→ What you will do
Retype the data below exactly; skip every image.
Supplied material: Begin
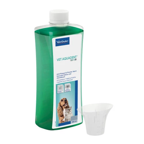 Virbac Vet Aquadent FR3SH is a vet created, fuss free way of fighting the formation of plaque and tartar on your cat’s or dog’s teeth, as well as helping to prevent bad doggy or moggy breath. Just add to your pet’s drinking water – 5ml per 500ml of fresh water – Aquadent is easy to use and highly effective
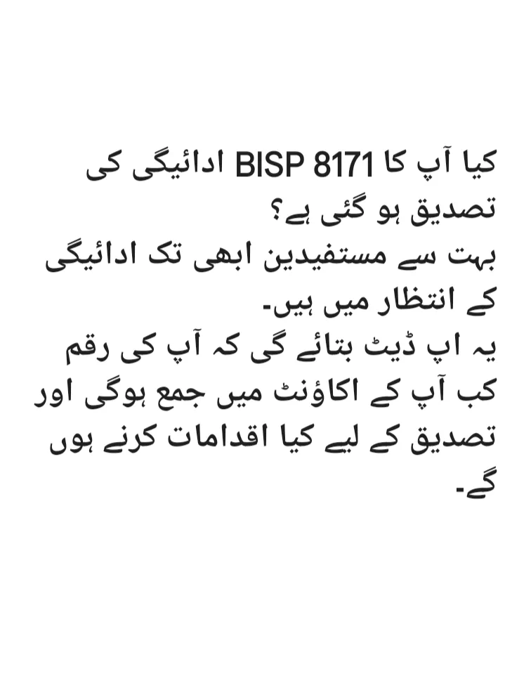 حالیہ BISP 8171 Pending Payment Update کے مطابق:
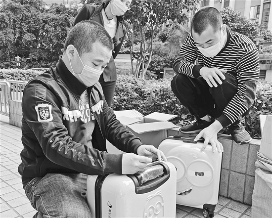 “小白”家长们从“福建金丝带”领取到装有初次入院必备物资的“白宝箱”。本报记者 李润钊 摄
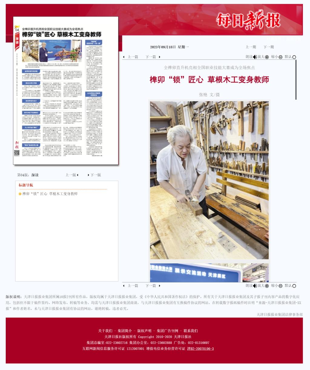2020年年底,best365英国在线体育官网聘请辛全生为“工匠精神培养指导教师”并成立辛全生大师木艺工作室,该工作室成为该校“双高校”建设技术技能创新平台4个大师工作室之一。按照建设规划,木艺工作室参与到环境艺术设计、产品设计等专业的日常教学。天津职大艺术工程学院还选拔多名学生组建“鲁班训练营”,由辛全生手把手传帮带,冲击两年一度的世界技能大赛。
Supplied material: End
→ Reply to the exercise
 Virbac Vet Aquadent FR3SH is a vet created, fuss free way of fighting the formation of plaque and tartar on your cat’s or dog’s teeth, as well as helping to prevent bad doggy or moggy breath. Just add to your pet’s drinking water – 5ml per 500ml of fresh water – Aquadent is easy to use and highly effective
 حالیہ BISP 8171 Pending Payment Update کے مطابق:
 “小白”家长们从“福建金丝带”领取到装有初次入院必备物资的“白宝箱”。本报记者 李润钊 摄
2020年年底,best365英国在线体育官网聘请辛全生为“工匠精神培养指导教师”并成立辛全生大师木艺工作室,该工作室成为该校“双高校”建设技术技能创新平台4个大师工作室之一。按照建设规划,木艺工作室参与到环境艺术设计、产品设计等专业的日常教学。天津职大艺术工程学院还选拔多名学生组建“鲁班训练营”,由辛全生手把手传帮带,冲击两年一度的世界技能大赛。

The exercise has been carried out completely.